Consider the scene in a local college class when one student told classmates that she saw the musical over Christmas break. “It was so great,” the young woman said. “I cried.” A second student responded with an epithet that was decidedly unsympathetic.
Tickets are so expensive that even those who bought seats before prices skyrocketed are having their financial choices questioned, as Amy McHugh of Braintree learned.
Over the winter, she and a friend each paid $150 for seats to an April show. But by the time their performance came around, prices for some seats had risen to $1,200 each.
“Everybody said I should sell the ticket,” McHugh said. “Even my kids. They said, ‘Mommy, you’re crazy, you could make all this money.’ ”
Besides striking it rich by selling your startup to Google or Facebook, the other way to see a show on Broadway is to win tickets in the show’s online lottery.
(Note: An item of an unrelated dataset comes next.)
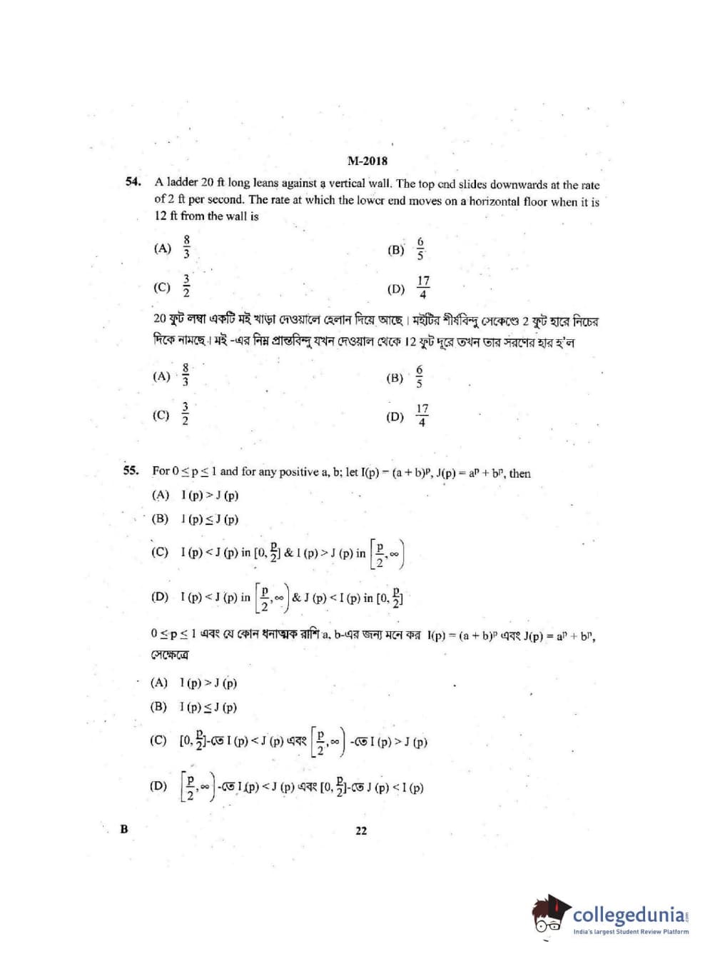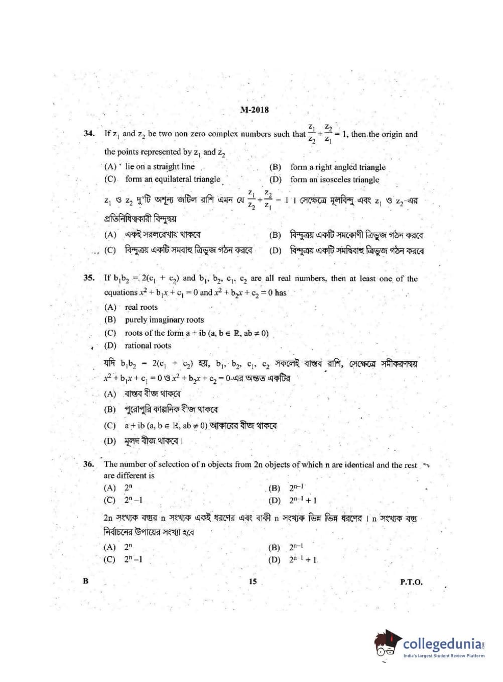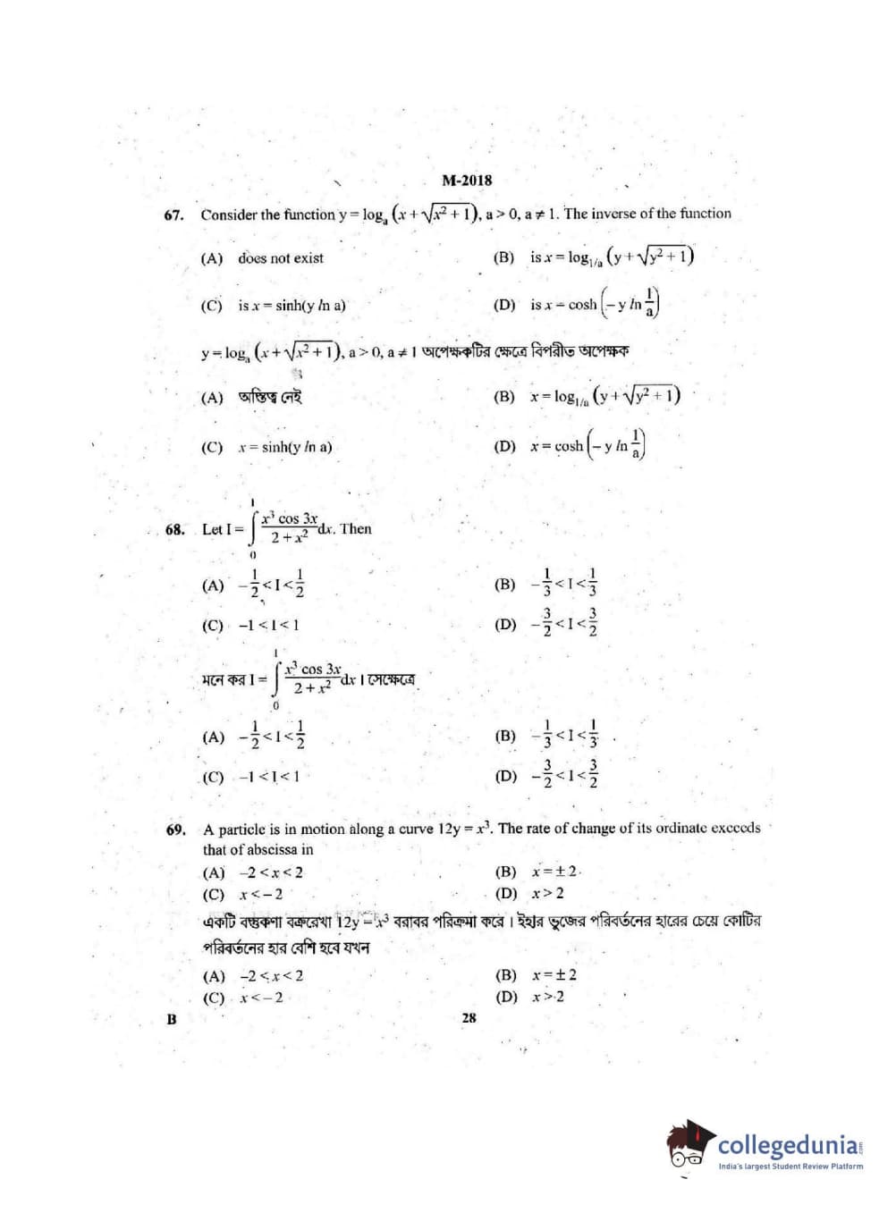 Collegedunia has provided WBJEE Previous Year Question paper pdf with answer key in the links given below:

Twenty-one front-row tickets are sold to winners for $10 apiece. In zeitgeist-centric circles, being known as a person who is playing the “Hamilton” lottery has become a credential of its own — the artsy equivalent of being seen at Fenway Park on Opening Day, or adopting a rescue dog.
Twitter is filled with people showing they are part of the national conversation.
“Every plan to meet up in New York has a silent ‘unless I win the Hamilton lottery. You are not more important than that.’ attached to it,” tweeted @adammaid, a writer and comedian in Brooklyn.
“Kinda glad there’s no #Hamilton lottery on Sunday. It’s nice to take a break from daily rejection. (I mean, what is this? Junior High?) :-D” wrote @danslott, a comic book writer.
The “Hamilton” bug is highly contagious. People catch it from roommates and family members, and from photos showing celebrities posing with show creator and star Lin-Manuel Miranda. Kanye West, Beyonce, Julia Roberts, Daniel Radcliffe, Steve Martin, the Obamas. Molly Ringwald took a picture with Miranda’s sister.
In Brookline, all five members of the Stein/Suk family are caught in the grip of “Hamilton,” regularly incorporating favorite lines into conversation. But the children are particularly worried about their mother, Barb Stein.
“They said, ‘You have to stop talking about “Hamilton” all the time,’ ” she said. “ ‘You have to stop being the crazy “Hamilton” person.’
“I’m not that extreme,” insisted Stein, an architect, who moments later described how she and her husband surprised their kids with tickets, and then mentioned her “Hamilton” ringtone. “There are people on the Internet who are worse.”
Most people who are infatuated with “Hamilton” know they are, but for those who don’t, BuzzFeed has compiled the warning signs — “21 Steps To Becoming Obsessed With Hamilton.”
The addiction starts with: “Being totally lost in conversations with your friends who won’t shut up about this new Broadway musical,” and concludes with: “Knowing in your heart that someday, somehow, you WILL see the show live.”
Nicole Mello, an American history major at Lesley University, doesn’t need a checklist to diagnose herself.
“Water dripping sounds like the rhythm of the music,” she wrote in an e-mail to the Globe. “I type on the keyboard and I can hear the opening of ‘Helpless’ in my head.
“I can’t sing or dance, I can barely rap,” she added, but “I performed ‘My Shot’ and ‘Cabinet Battle #1’ at open mic nights at my university.”
Mello will see the show in July, but fears exposure will makes things worse. “I am trapped in a ‘Hamilton’ purgatory from which there is no escape.”